Há uma pergunta que começa a aparecer cada vez mais nas escolas, nas formações e até nas conversas informais entre professores:

Se a Inteligência Artificial consegue criar textos, imagens, exercícios, apresentações e até planos de aula, para que continuará a ser necessário o professor?

A pergunta é legítima. Mas talvez esteja mal colocada.

O verdadeiro desafio não é perceber se a Inteligência Artificial vai conseguir fazer mais tarefas. Vai. E, provavelmente, muito mais depressa do que imaginamos. O desafio é perceber o que continua a depender de nós: do nosso conhecimento dos alunos, do nosso julgamento pedagógico, da nossa capacidade de criar relações, de tomar decisões e de transformar informação em aprendizagem.

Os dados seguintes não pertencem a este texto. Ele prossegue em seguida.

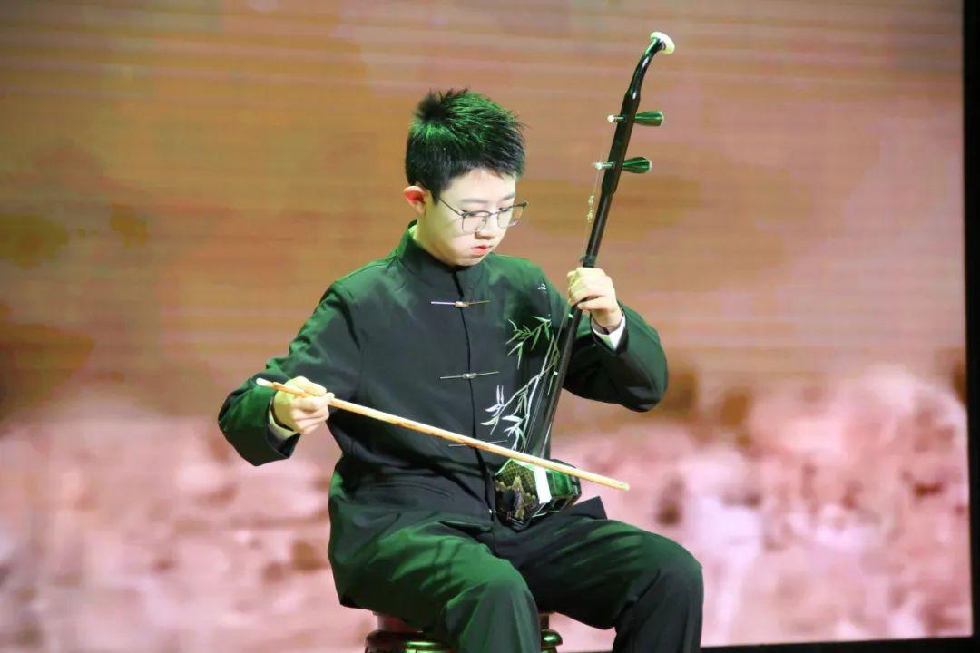 初一19班仲格菲用娴熟的技法,演绎琵琶曲《龙船》,奏响了千年竞渡的豪情,使现场观众仿若置身于百舸争流的激烈场景之中;
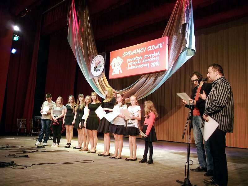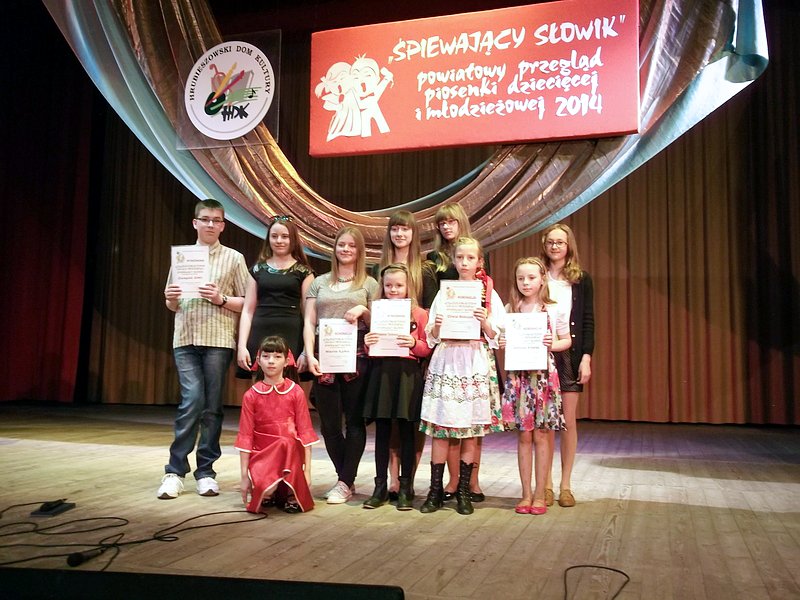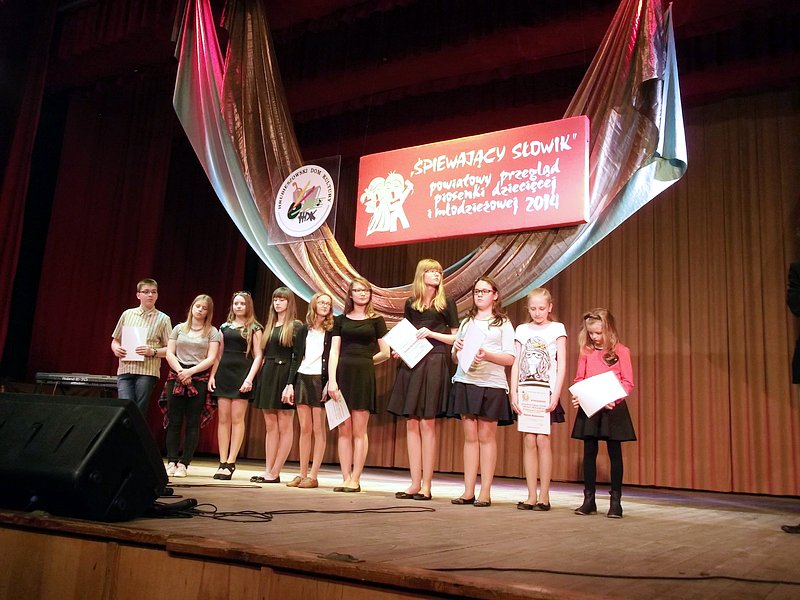 W II etapie konkursu zaśpiewa Marysia Łyko ucz. kl. III a Gimnazjum. Jurorzy docenili też zespół wokalny, który otrzymał wyróżnienie (na etapie powiatowym były tylko wyróżnienia, nagrodami zaś nazwano kwalifikację do II etapu konkursu). Należy dodać, że od kilku lat etap wojewódzki jest tylko dla solistów.

Nesta LIVE partilhei seis competências que considero essenciais para qualquer professor, formador ou educador que queira trabalhar com a IA sem lhe entregar aquilo que nunca deve ser automatizado: a intenção pedagógica e a decisão final.

Vê a LIVE completa

No vídeo desenvolvo estas ideias com exemplos, uma analogia muito concreta e uma reflexão sobre o papel do professor numa escola onde a IA já está presente — mesmo quando a escola decide ignorá-la.

Se o vídeo não aparecer, podes abri-lo diretamente no YouTube.

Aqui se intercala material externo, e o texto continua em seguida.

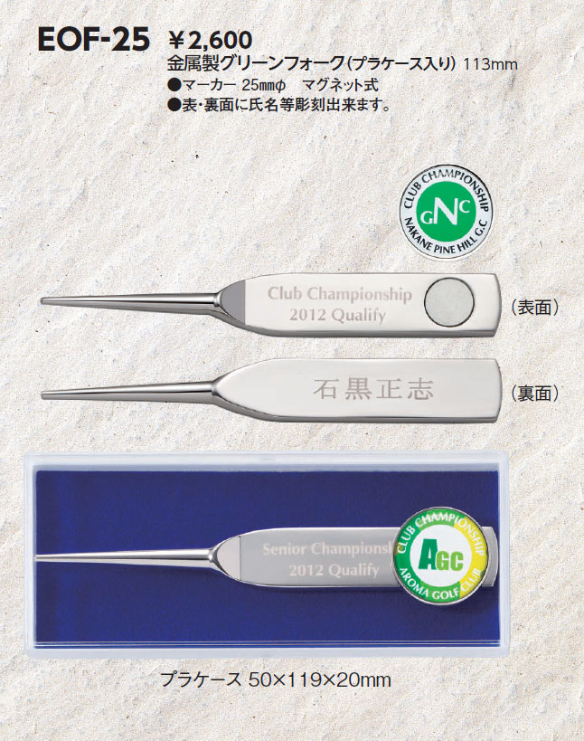 金属製グリーンフォーク直径24mmオリジナルプリントエポマークマーカーマグネット式 表面・裏面に氏名等を彫刻プラケース入り・完全データ要・納期約2週間
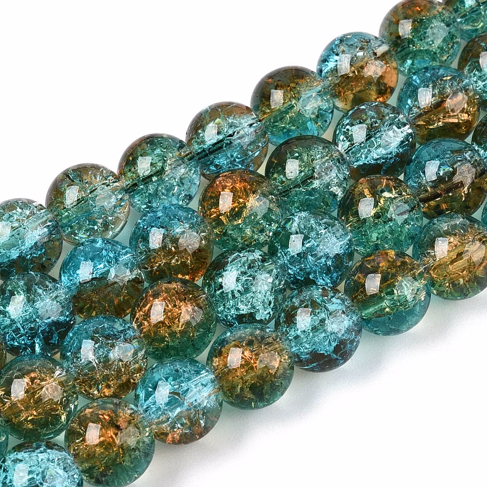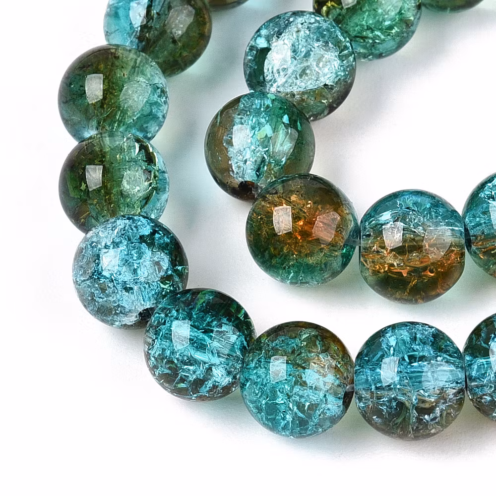 Två Tonad Krackelerad Dark Cyan Glaspärla 8mm, ca 100st

A IA pode ser o GPS. Mas o professor continua ao volante

Durante muitos anos, para fazermos uma viagem, precisávamos de conhecer as estradas, consultar mapas e confiar na memória. Hoje, um GPS calcula percursos em segundos, acompanha o trânsito em tempo real e encontra alternativas que dificilmente conheceríamos.

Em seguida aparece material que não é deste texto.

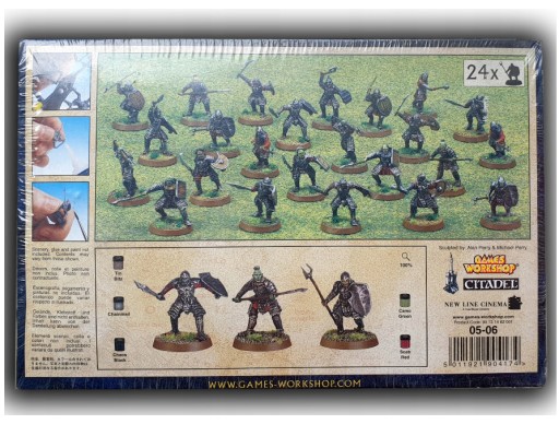 This plastic boxed set contains 40 components, with which to build 24 Morannon Orcs: 12 with hand weapon and shield, and 12 with spear and shield. This set comes with 24 25mm round bases. These miniatures are supplied unpainted and require assembly - we recommend using Citadel Plastic Glue and Citadel Paints.
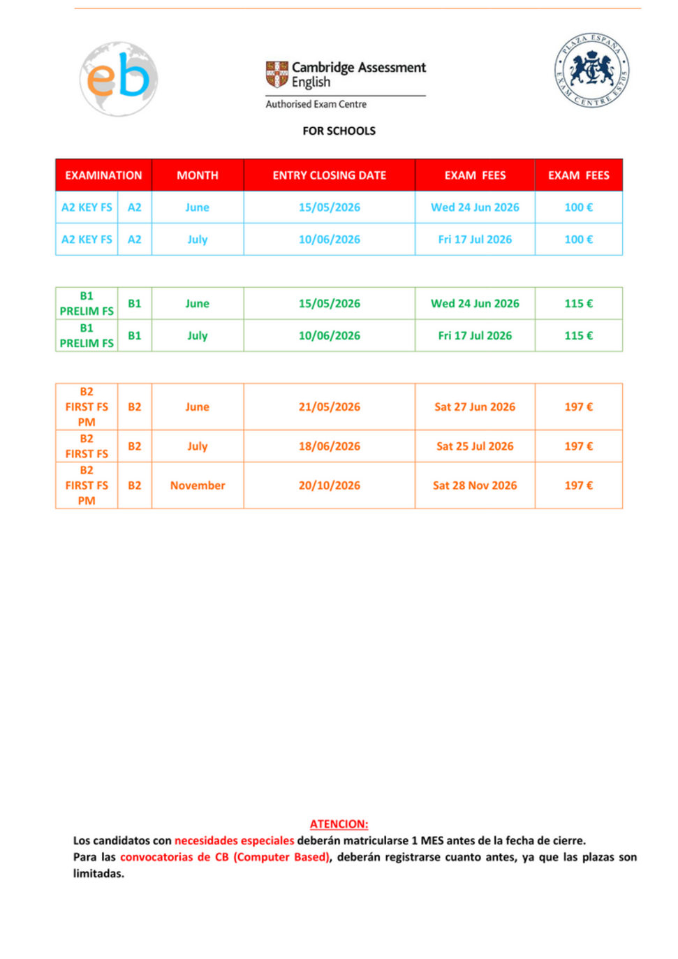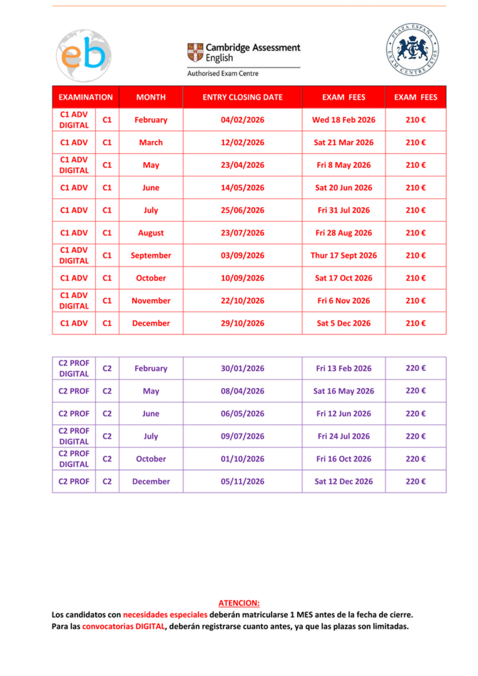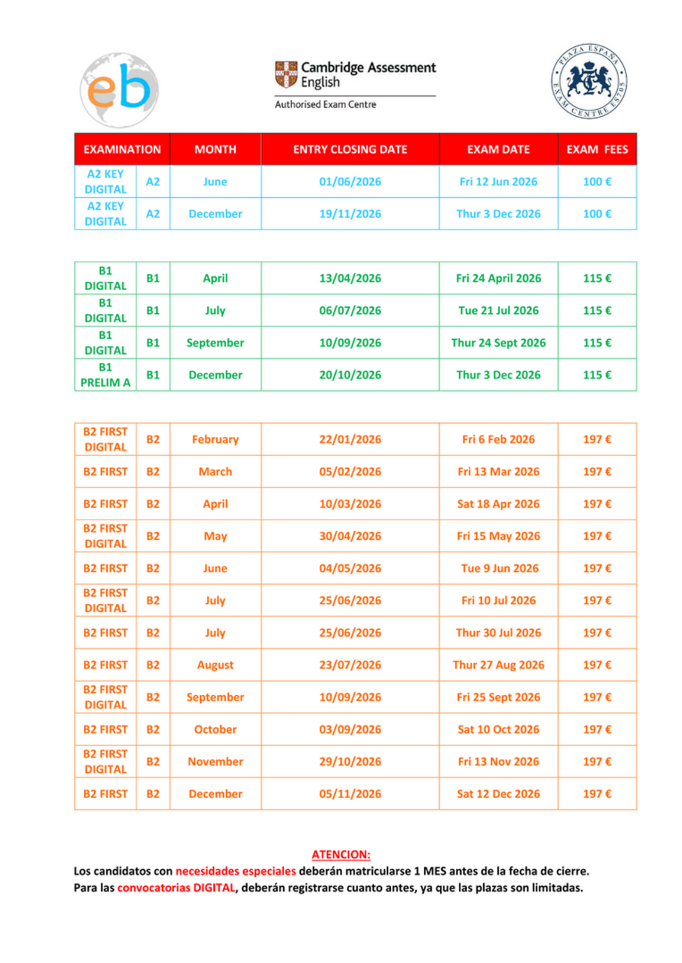 Consulta aquí las próximas convocatorias de exámen oficial Cambridge
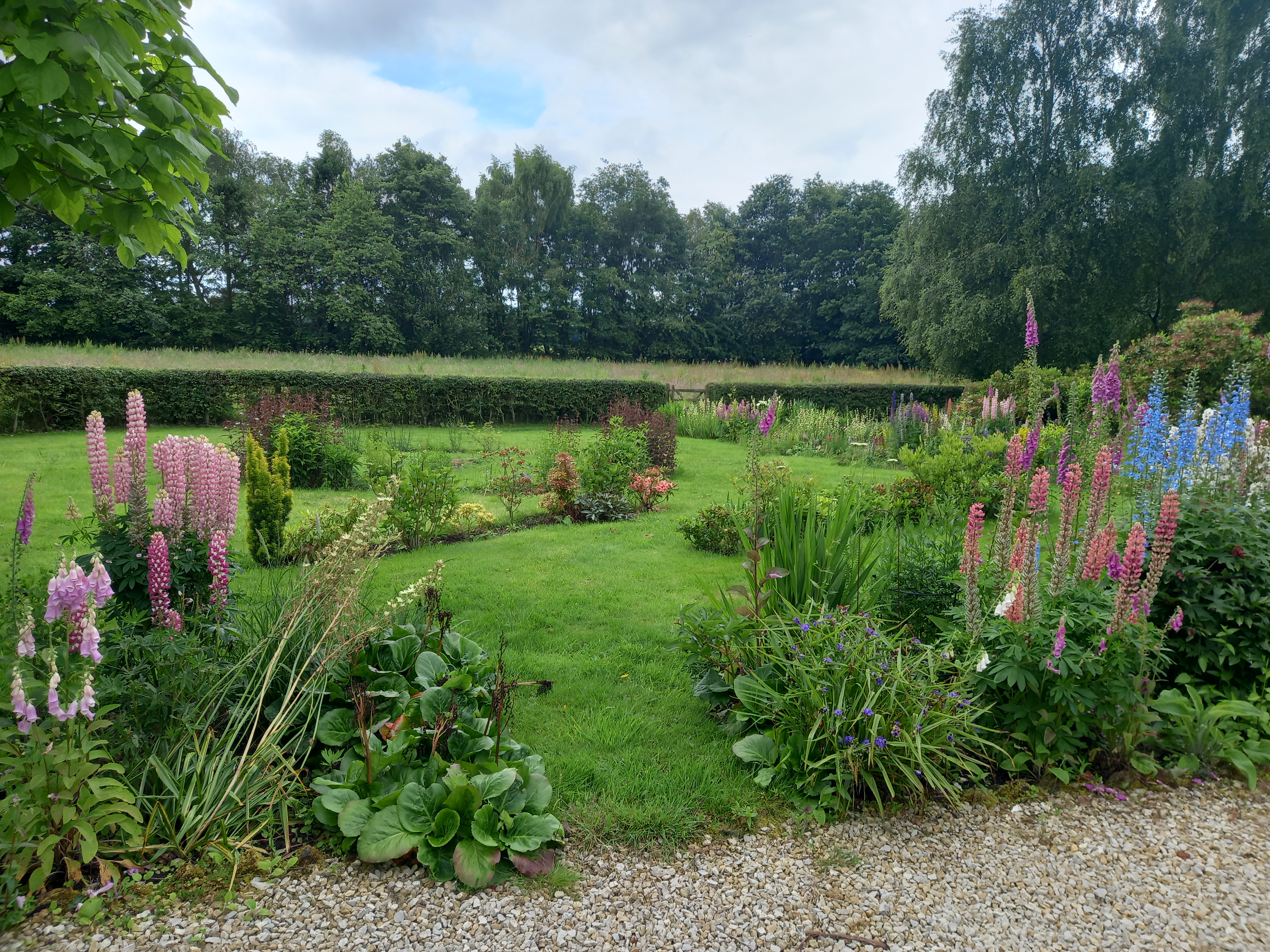 Long Borders - 2 parallel bordes aproximately 30 yards long with a semi circular seating area half way along. Packed with colour in summer and awash with polinating insects.
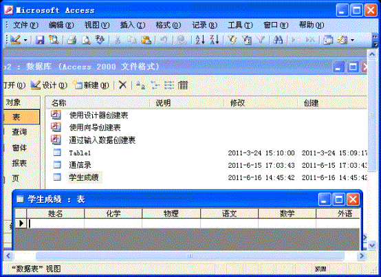 之后,建表。雙擊打開新建的數(shù)據(jù)源,在數(shù)據(jù)庫窗口對(duì)象\表\使用設(shè)計(jì)器創(chuàng)建表,創(chuàng)建學(xué)生成績表(空表)如圖二:
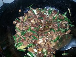 用底油加热先放入姜丝和蒜葱煸出香味,再放干辣椒,炒几下再放青椒,再炒,炒到看着差不多了就把鸡块倒进去再翻炒,炒好后加点鸡精出锅

Mas há uma diferença importante: o GPS orienta; o condutor decide.

Uma rota pode ser mais curta e, ainda assim, não ser adequada ao veículo, ao estado da estrada ou às condições do momento. Se seguirmos todas as instruções sem observar o contexto, podemos acabar num caminho impraticável.

Com a Inteligência Artificial acontece exatamente o mesmo.

A IA consegue propor atividades, adaptar textos, gerar recursos, sugerir estratégias e acelerar muito do trabalho que antes demorava horas. Mas não conhece verdadeiramente a turma. Não vê o olhar de um aluno que deixou de acompanhar. Não sabe que uma atividade funcionou muito bem no 8.º A e falhou por completo no 8.º B. Não conhece os receios, os interesses, o ambiente familiar ou a dinâmica emocional daquele grupo.

Essa leitura pertence ao professor.

Por isso, a utilização da IA na educação não deve retirar poder ao professor. Deve dar-lhe mais possibilidades para decidir melhor, criar com mais rapidez e dedicar mais tempo àquilo que exige presença humana.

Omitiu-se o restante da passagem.